Time of Meds for Nocturnal Hypertension in T2DM Matters
the MPR take:
Previous research has indicated that nighttime blood pressure (BP) is a greater predictor of cardiovascular events vs. daytime BP, so does a change in administration time of antihypertensive drugs benefit patients with type 2 diabetes? 41 patients with type 2 diabetes and nocturnal hypertension (nighttime systolic BP >120mmHg) were randomized in an open-label, crossover study to eight weeks of morning or nighttime administration of all of the patient’s once-daily antihypertensive drugs, followed by eight weeks of switched dosing regimen. Patients taking the drugs at night experienced a significant reduction in nighttime and 24-hour systolic BP (7.5mmHg; P<0.001 and 3.1mmHg; P=0.014, respectively) and a nonsignificant reduction in daytime systolic BP (1.3mmHg; P=0.336). C-reactive protein levels were also significantly lower with nighttime administration.
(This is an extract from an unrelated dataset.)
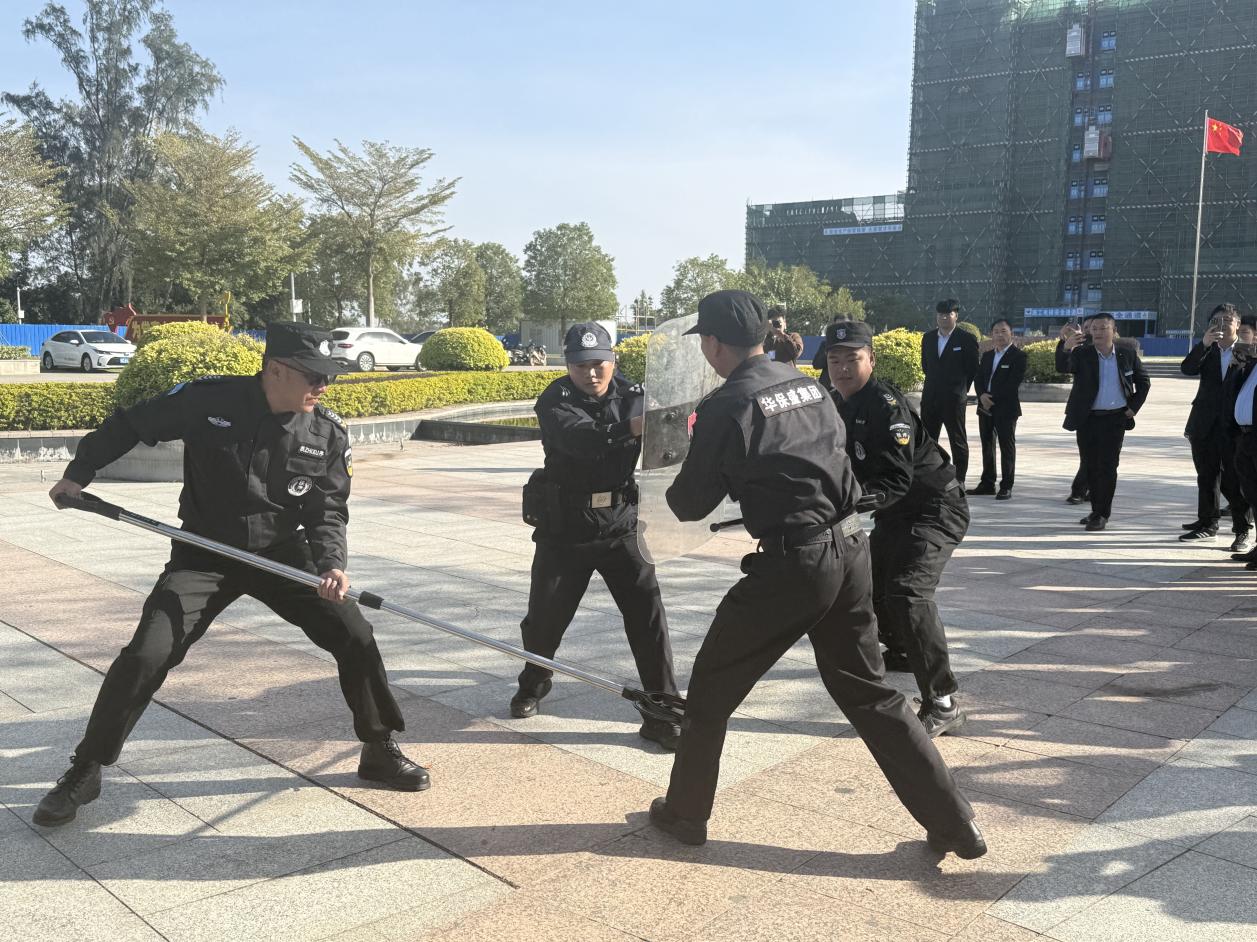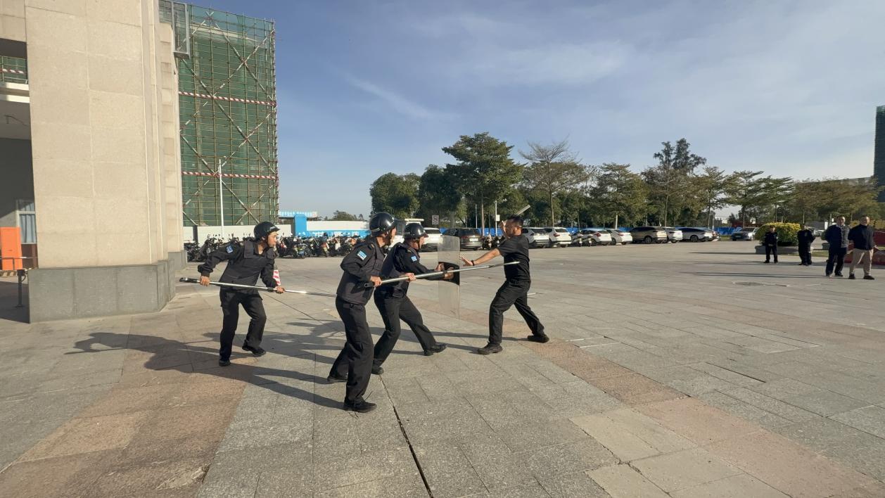 三塘派出所民警现场讲解盾牌、防暴钢叉、橡胶棍等器械的使用方法、攻防技巧及注意事项。模拟实战环节中,应急防暴组、疏散组在民警指导下各司其职、协同配合,攻防动作规范实用,处置高效,充分展现了校园安保队伍的专业素养。

Thus, for patients with type 2 diabetes and nocturnal hypertension, administration of once-daily antihypertensive drugs at bedtime may benefit the patient in treatment of both conditions.
Several studies in different populations have suggested that nighttime blood pressure (BP) is a stronger predictor of cardiovascular events than daytime BP. Patients were randomized to 8 weeks of either morning or bedtime administration of all of the individual's once-daily antihypertensive drugs, followed by 8 weeks of switched dosing regimen.